Кто знает, сколько времени все это длилось бы, если б не примчался фотограф Зайвель, которому сейчас помогал пожилой человек в очках и жилетке, из которой он давно уже вырос. Она облегала его, как туго зашнурованный корсет, придавая ему юношескую стройность.
— Не понимаю, зачем такому человеку, как Зайвель, заниматься фотографией. Такой человек, как Зайвель, мог себе подыскать более подходящую работу. Неужели он равняется на своего помощника Хаскла? Но Хаскл никогда не был матросом и подковы рукой не гнул. Такой человек, как Зайвель, должен был бы, по крайней мере, работать в механических мастерских, в лесхозе, на элеваторе, в кузнице. Разве не так? Любопытно, что скажет об этом Мейлах?.. Посмотрите, как кошка забралась на заборчик возле колодца, точно как в «Суламифи», которую в прежние годы играли у нас в театре. Нет, я непременно должен спросить реб Мейлаха.
— Именно сейчас? Другого времени вы не нашли? — остановила Нояха портниха. — Скажите мне лучше, не сглазить бы, сколько ему приблизительно лет?

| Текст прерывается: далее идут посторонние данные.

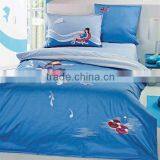 Reactive Dye Embroider Bulding Bedding Cotton Child Duvet Cover Bed Set 205TC In Blue Color
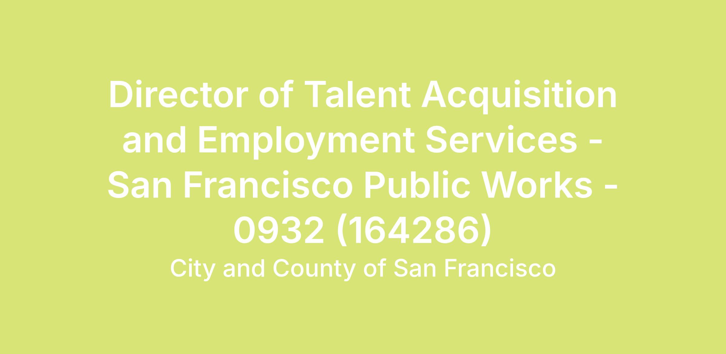 Under general administrative direction from the SFPW Human Resources Director, the Director of Talent Acquisition and Employment Services will develop strategies and work plans, supervise staff, research trends in relevant subject areas to inform and develop future plans, establish standard work, lead projects, and oversee cross-departmental collaboration to the success of different HR teams: Employment Services (HR Operations), Talent Acquisition (Exams)/Classification and Payroll. You will lead an innovative team of HR professionals by providing your expertise on special projects as assigned, many of which require your thoughtful management of sensitive communication with entities such as the City-wide Department of Human Resources, the Civil Service Commission, and other City departments, commissions, and boards on human resources-related matters, as well as compliance with staffing regulations. If you're excited to apply creative and modern approaches to develop solutions and projects to serve the needs of the many communities across San Francisco, you'll be interested in joining our Public Works HR team.
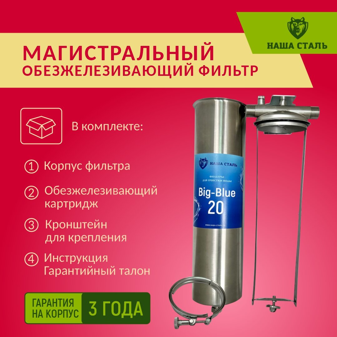 Фильтр из нержавеющей стали магистральный обезжелезивающий наша сталь Big-Blue 20 информация:
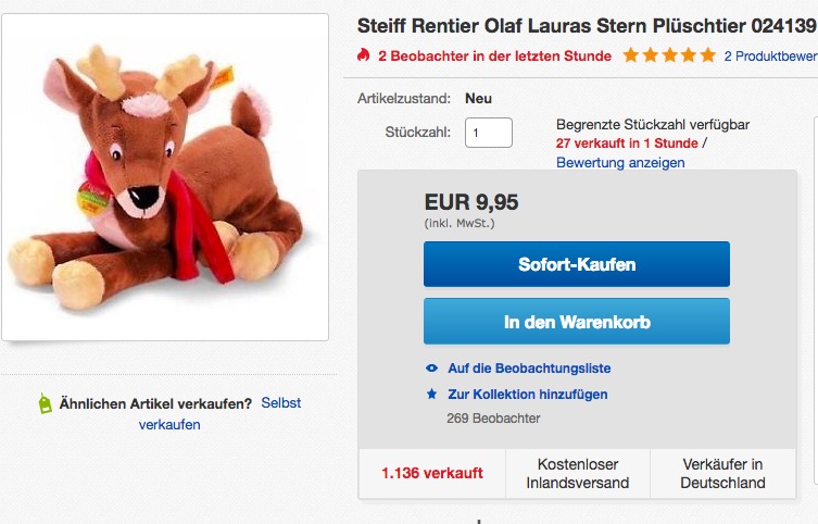 Bei Ebay wird aktuell das Steiff Rentier Olaf Lauras Stern Plüschtier 26 cm Neu und OVP für 9,95€ inkl. Versand angeboten.
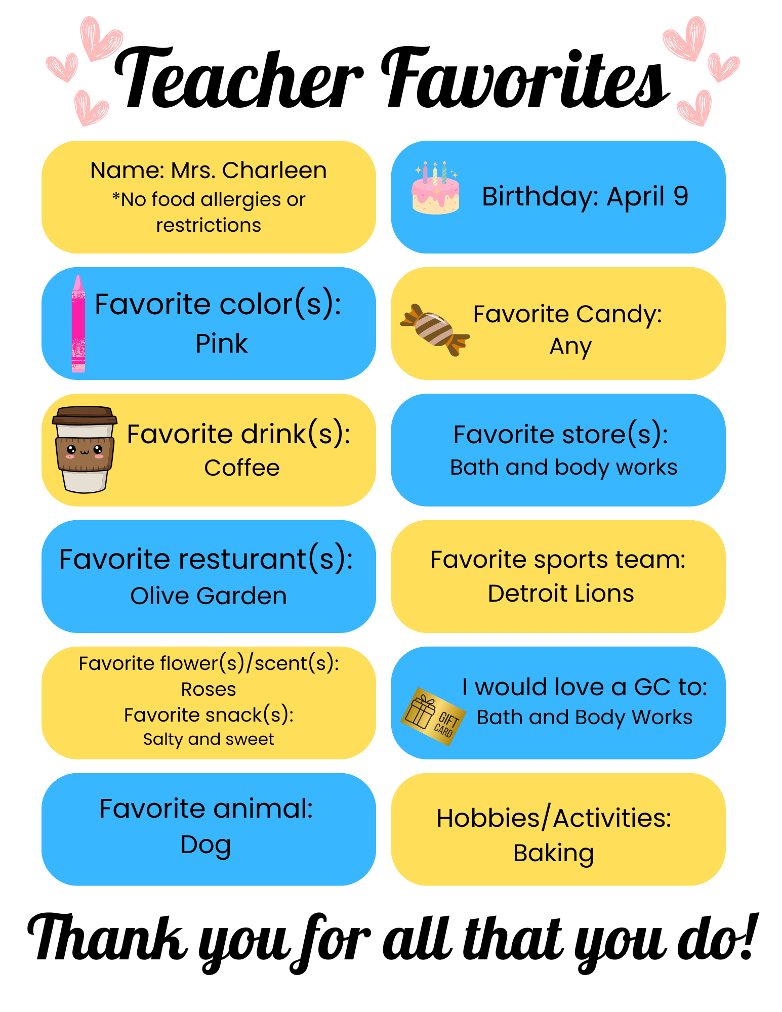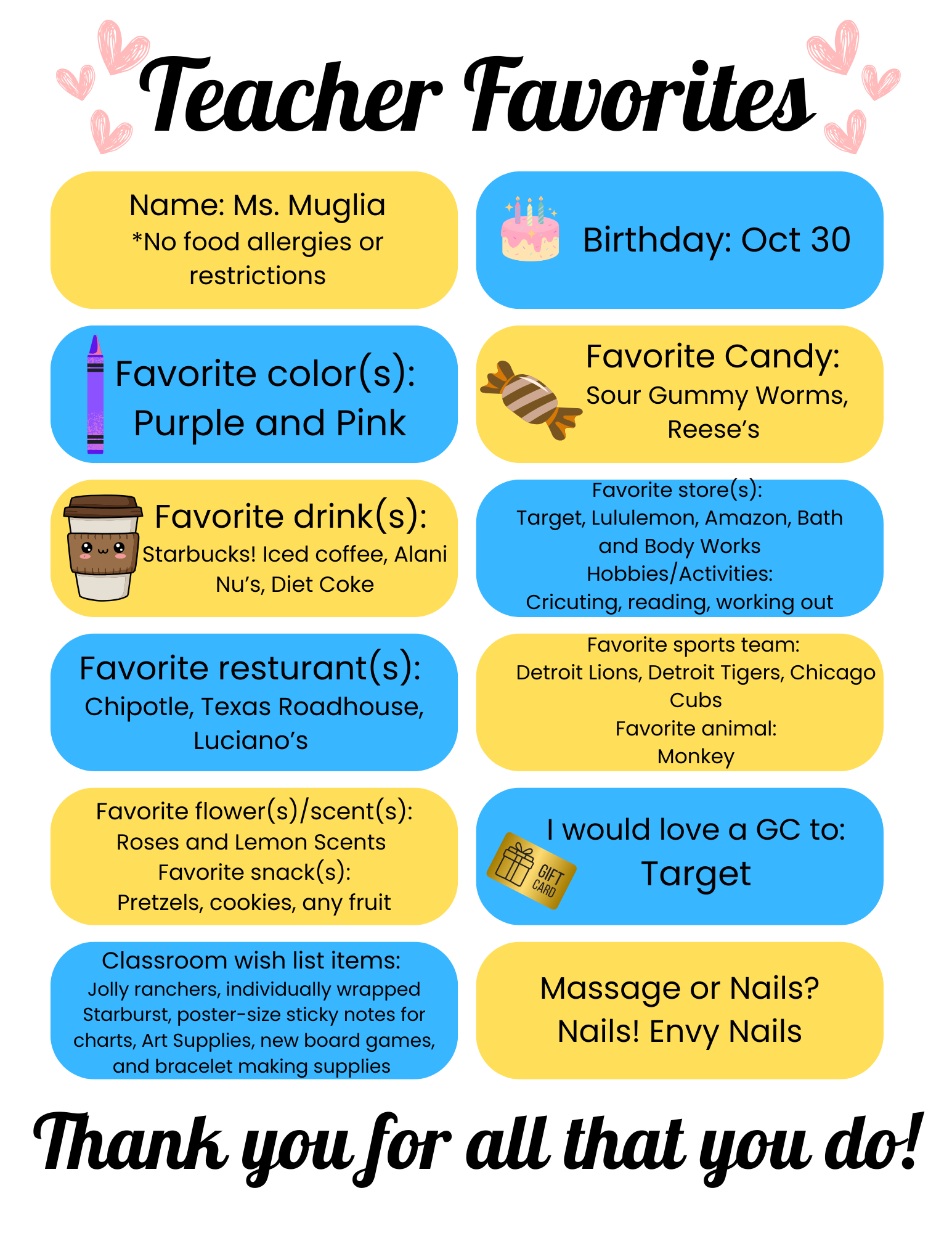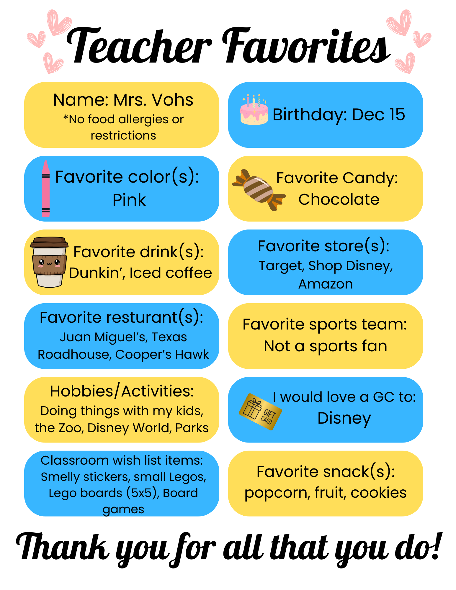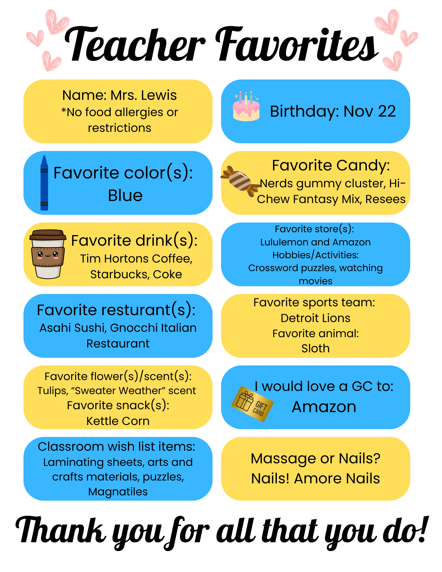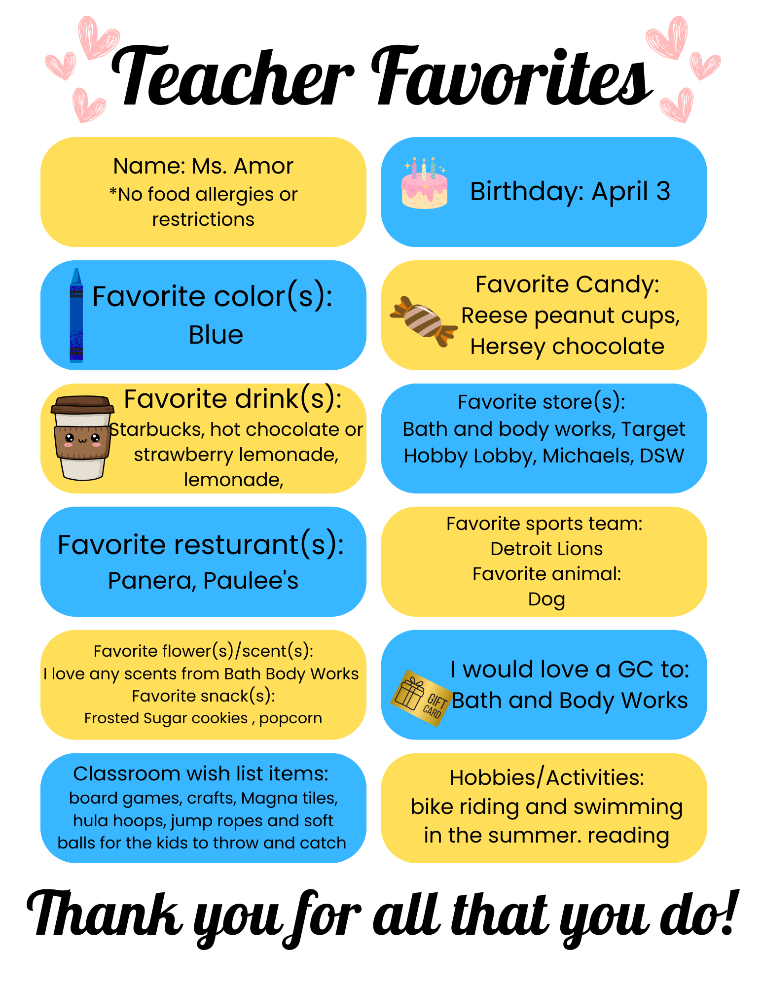 Want to show appreciation to our amazing teachers and staff? We've gathered their favorite things—everything from snacks and drinks to hobbies and gift card preferences—to make gift-giving or small acts of kindness easy and meaningful. Click the links below to view each staff member’s favorites and help us spread joy throughout the year!
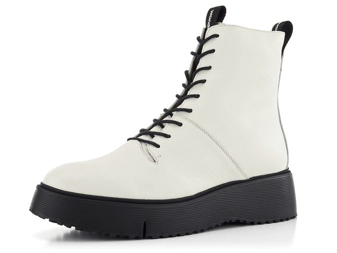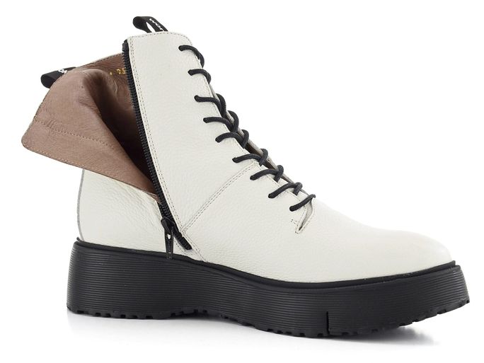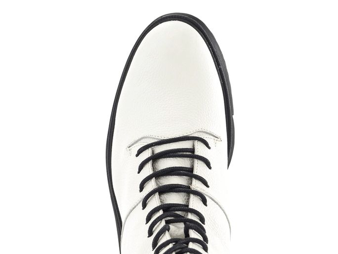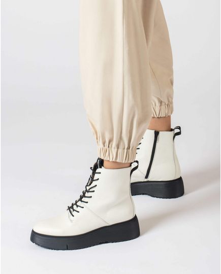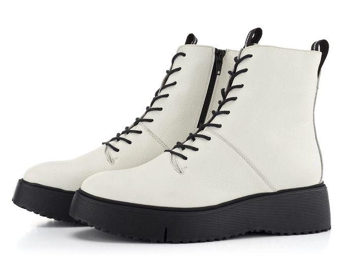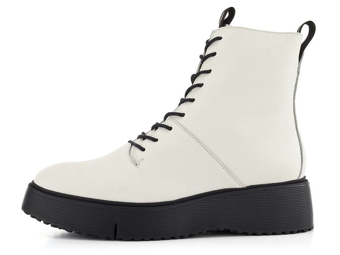 Robustnější dámský kotník z jemně strukturované kůže v bílé barvě, na vysoké odlehčené platformě.
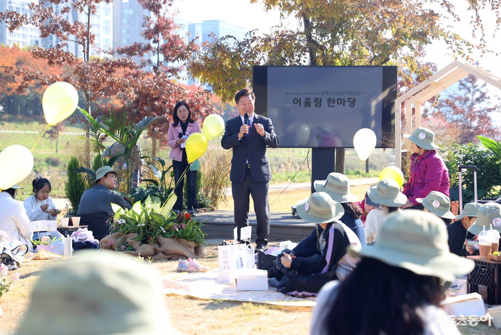 박승원 광명시장이 지난 15일 안양천 지방정원 시범구간에서 개최한 ‘정원 어울림 한마당’에 참석해 인사말을 하고 있다. 사진제공|광명시
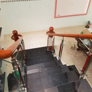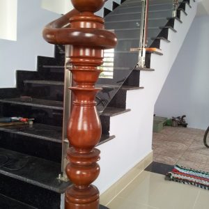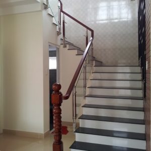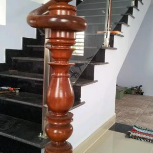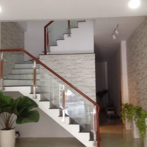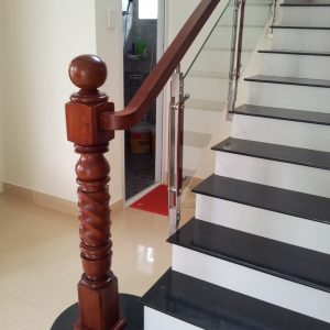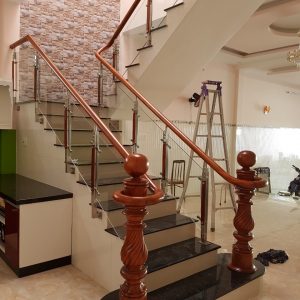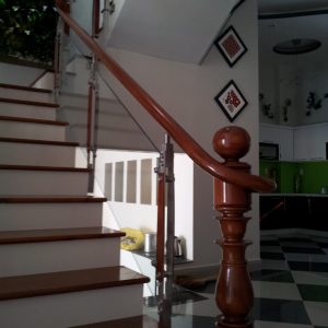 - Trụ cầu thang được sử dụng là loại trụ cao inox ốp gỗ kết hợp với trụ cái để tạo thêm sự chắc chắn và sang trọng, phù hợp với mọi loại nhà.
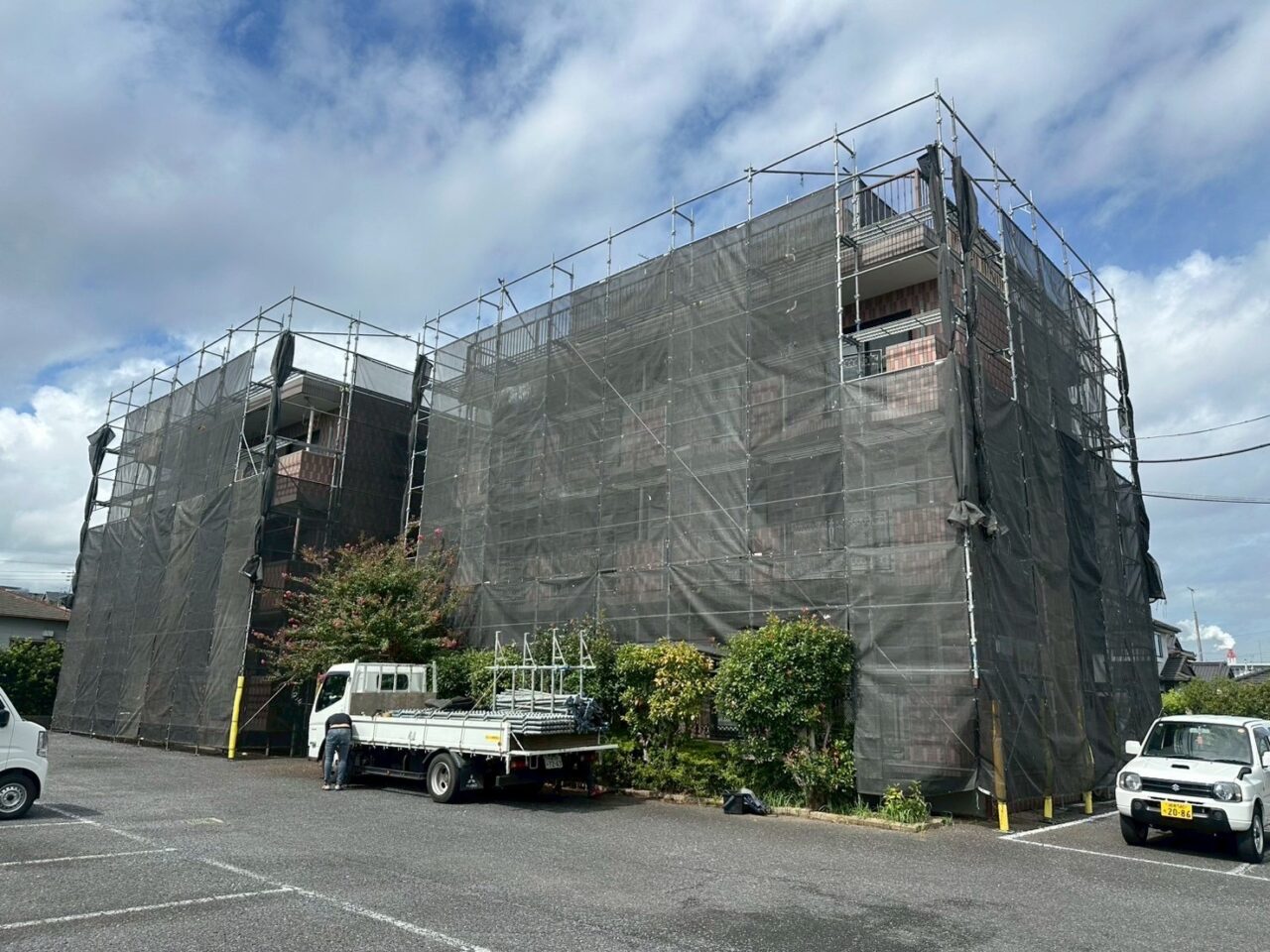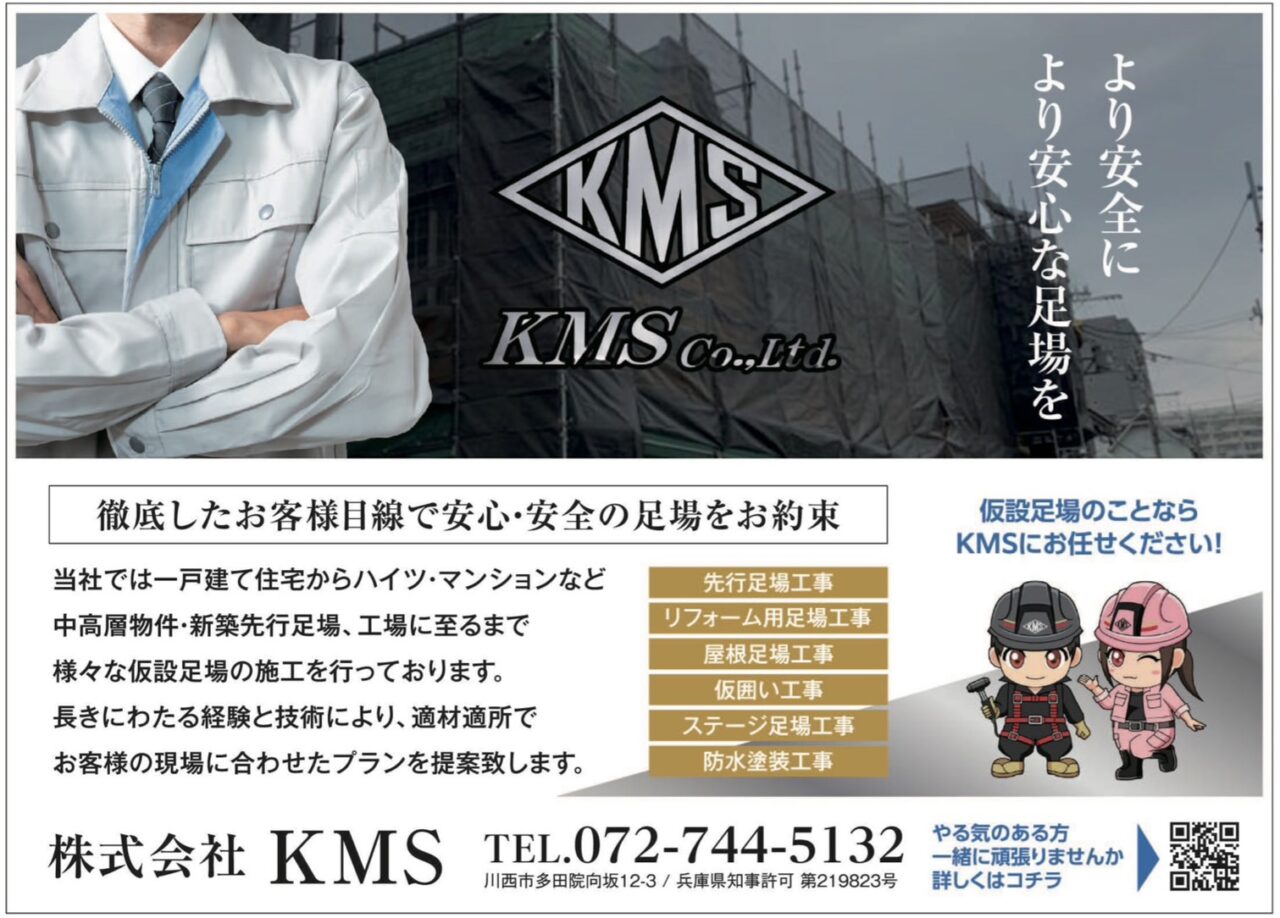 株式会社KMSでは一戸建て住宅からハイツ・マンションなど中高層物件・新築先行足場、工場に至るまで様々な仮設足場の施工を行っております。

— Прадедушке Мейлаху? Зачем приблизительно, когда могу вам точно сказать. Ему, по моим подсчетам, должно уже быть девяносто, а возможно, с гаком. Сапожное ремесло, которым он занимался всю жизнь, его, конечно, не молодило. Он выглядит так молодо потому, что его берегли дети. При таком почете он до ста двадцати лет сохранит румяные щеки… Посмотрите только на Зайвеля, что он вытворяет со своим аппаратом. Был бы у него этот фотоаппарат, когда он, Зайвель, был немцем… Это же надо уметь — выдавать себя немцам за немца!
Шадаровский, который стоял в толпе и любовался дедушкой Мейлахом, бабушкой Гитой и тетушкой Шейндл — они так же, как он, не поддавались старости, — подошел к Нояху.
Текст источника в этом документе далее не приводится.